- [What needs to be done]:
Write down the listing again exactly as it appears below, without its pictures.

- [Information provided]:
---+---

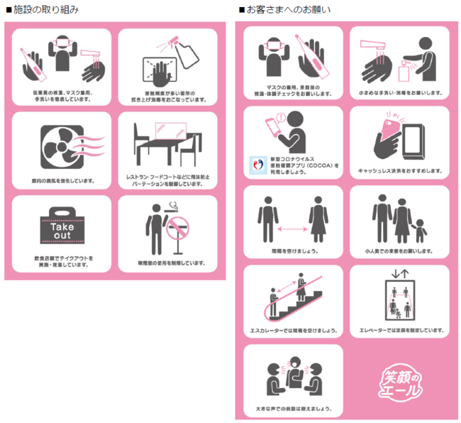 三井不動産グループが運営する商業施設では、新型コロナウイルス感染拡大防止のため下記をはじめとした様々な取り組みを実施しております。
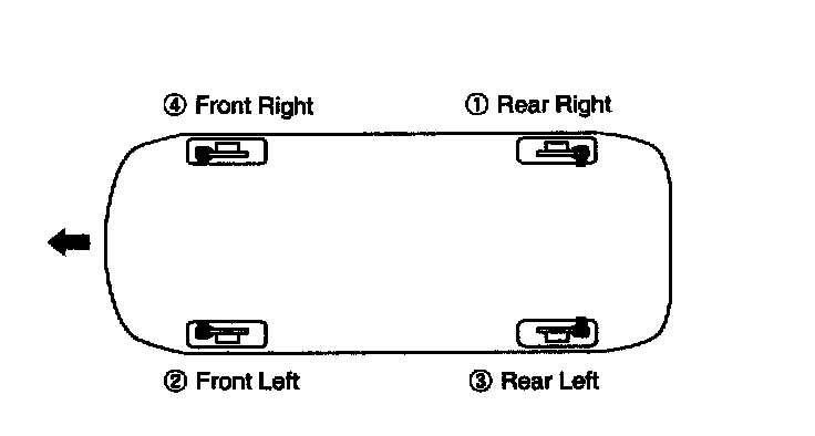 4. Repeat the procedure for wheel in the sequence shown until air bubbles no longer appear in the fluid.
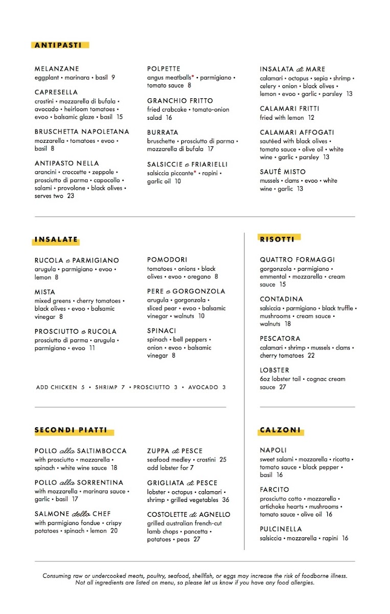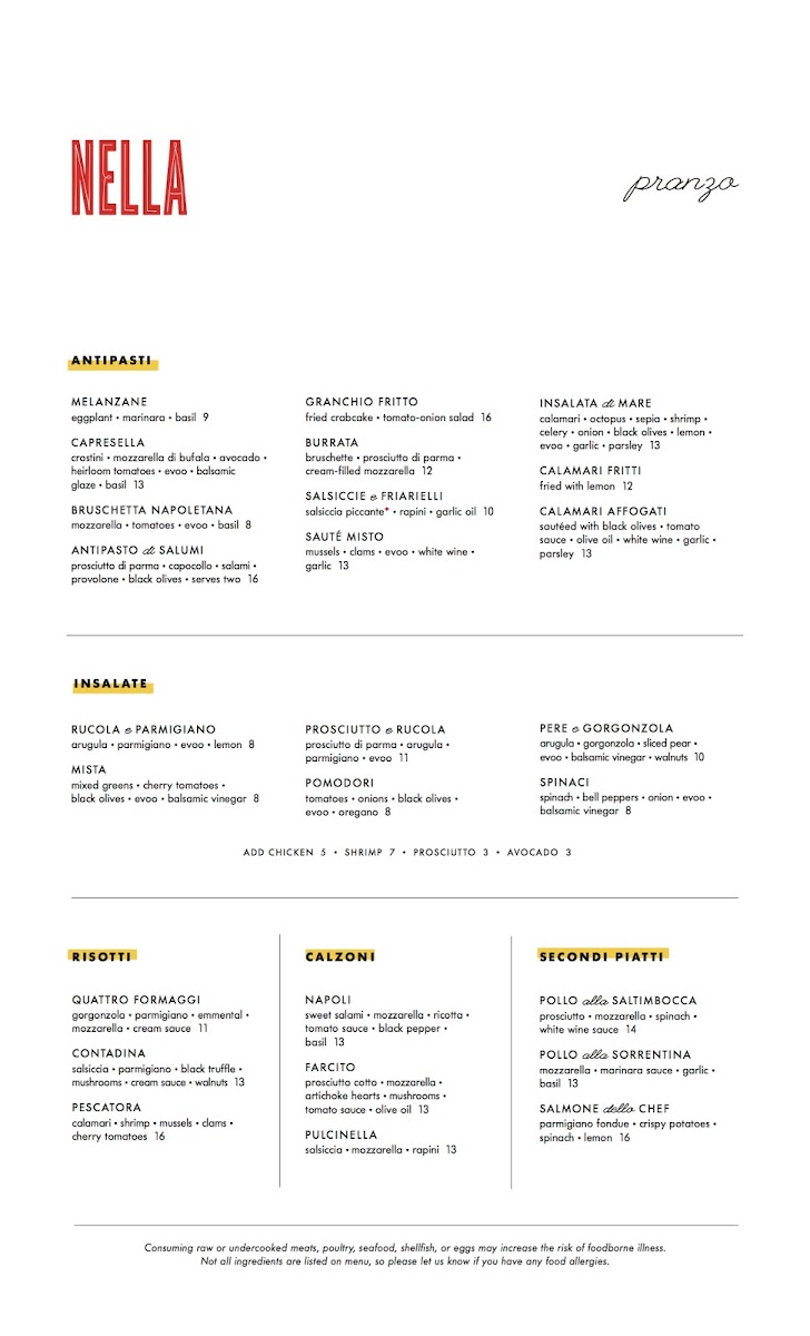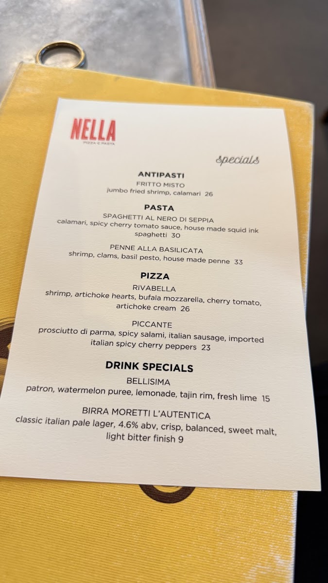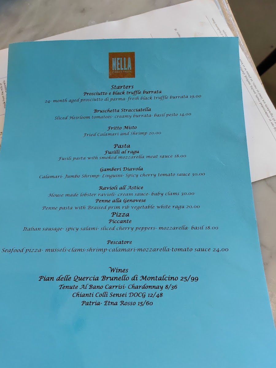 Nella Pizza E Pasta Menu

---+---

- [Answer]:
 三井不動産グループが運営する商業施設では、新型コロナウイルス感染拡大防止のため下記をはじめとした様々な取り組みを実施しております。
 4. Repeat the procedure for wheel in the sequence shown until air bubbles no longer appear in the fluid.
 Nella Pizza E Pasta Menu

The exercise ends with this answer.